Past Lives is a remarkable and humane love story
★★★★★ | Closing doors
When they were twelve, Hae-sung and Na-young fell in love.
When they turned twenty, they drifted apart.
In their thirties, they found each other again through Facebook. Deep down, they still love each other in some ways, and in a traditional film, this would be their happy ending. A reunion destined to happen.
But that’s not how life works.
Celine Song’s beautiful and intimate Past Lives is a story about love and connection. How in our connected world can reach out to the past thanks to technology, only to realize it’s as ephemeral and elusive as our memories. It delicately handles the reality of missed opportunities, paths not taken, and how, sometimes, love can exist without ever fully blossoming.
Superbly acted by Greta Lee and Teo Yoo, Past Lives doesn’t ask us to take sides. There are no sides to take. Nobody is the villain here, and there is no mountain to conquer. When Hae-sung and Na-young drifted apart, their story became two separate ones. Their meeting again is another shared chapter, but it doesn’t mean anything else.
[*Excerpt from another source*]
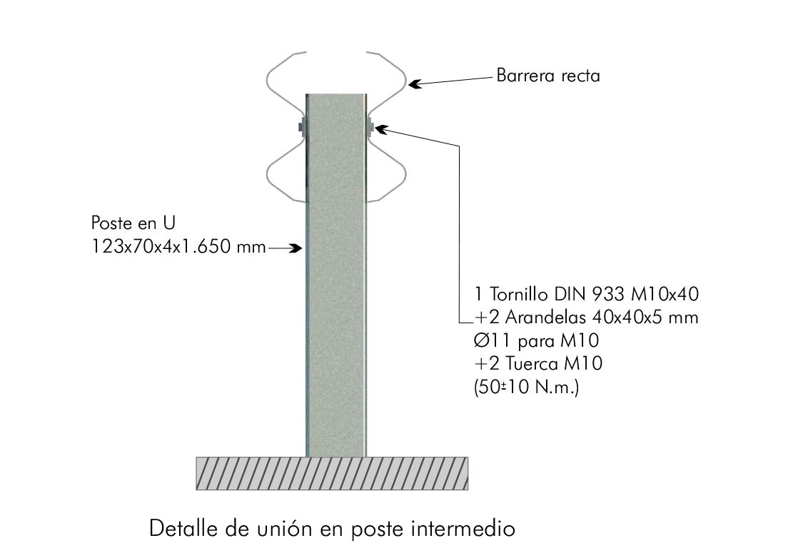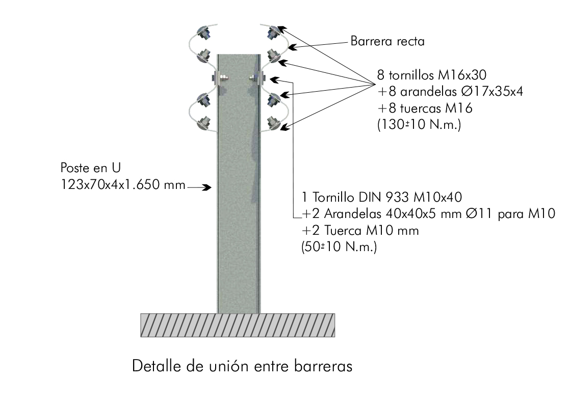 | Nivel de Contención | H1 | Anchura de Trabajo (W) | W4 | Clase de Severidad | A | Deflexión Dinámica (D) | 0,9 m |

It’s a bittersweet pill, one that’s all too familiar to anyone who has loved, or had a crush on, someone. The older we get, the more we’re plagued by the what-if’s of our lives. Lee’s film exists in that intersection of memory and dreams, never judging, nor handing out easy answers. Hers is an immaculate portrait of how these things work in real life.
There’s not much in the way of traditional plot in Past Lives, and it doesn’t need it. Its leisurely pace allows us to reflect on our own choices and mistakes in the way of the best Italian neo-realists. More than once I thought of Umbrellas of Cherbourg, where destined love is a concept not afforded to normal people.
Past Lives is a film that leaves you breathless, and your heart aching, but in a good way. There’s something deeply comforting about knowing these feelings are universal. That they’re not the end, and, sometimes, it’s an act of ultimate grace to finally let go.
After all, memory is unreliable, feelings are forever.